Ellies CEO Wayne Samson. Picture: Russell Roberts
Ellies CEO Wayne Samson. Picture: Russell Roberts

The 2017 financial was "one of the toughest if not the toughest" in the history of Ellies Holdings, according to CEO Wayne Samson.

The company, which began trading in 1979, has struggled in recent years to attract enough consumers wanting to buy satellite television equipment and other expensive consumer electronic devices.

The group unbundled its unprofitable infrastructure business during the previous financial year. Over the past five years, Ellies’s share price has fallen about 98%.

For the 12 months to April, the company reported a headline loss per share of 7.45c and a loss for the year of R249m.

Samson said the company had been repositioned to focus on consumer goods as opposed to larger commercial and infrastructure work.

"Nonetheless, we managed to maintain revenue at approximately R1.3bn, despite the top-line pressures and the difficulty in operating in an import-driven inflationary environment, coupled with the depressed macroeconomic environment and the significant restructuring of our business."
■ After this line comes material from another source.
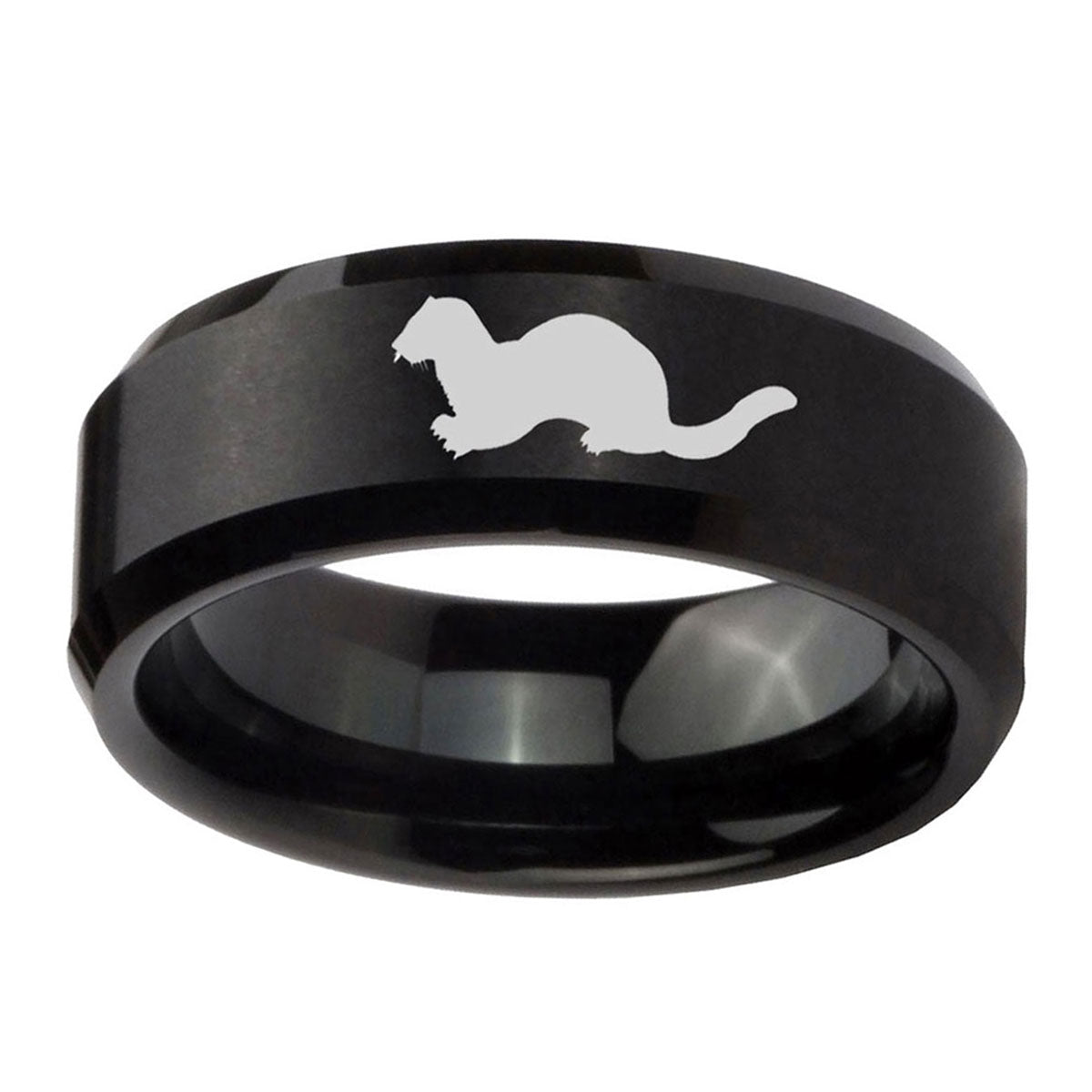 Propose with the 10mm Otter Beveled Edges Brush Black Tungsten Men's Engagement Ring. This brushed black tungsten ring with Otter design is ideal for engagements.
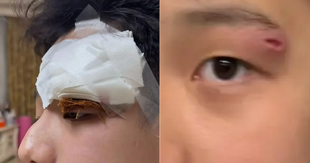 Vài ngày trước, con trai cô xuất hiện tình trạng sưng đỏ, đau ở mí mắt trái. Nghĩ chỉ là một nốt viêm thông thường, Guan Ling dùng kim chích nhẹ để “xả mủ” với hy vọng giảm sưng. Không ngờ, vùng mí mắt nhanh chóng sưng to hơn, đau dữ dội. Khi đưa con đi khám, bé phải chuyển từ khoa Da liễu sang Ngoại tổng quát và cuối cùng buộc phải phẫu thuật rạch dẫn lưu, khâu 4 mũi.

The unwinding of the infrastructure segment had been put into effect during the previous financial year in an effort to "de-risk the group", Samson said. The winding up of this segment had the biggest bearing on the results for the year under review, he said. This included a R178.7m net loss recognised in the financial year for companies that were deconsolidated.

The only operating company in the infrastructure division held on the balance sheet at year end was Botjheng Water, which incurred a cost of R17.5m for a performance guarantee that was presented on it.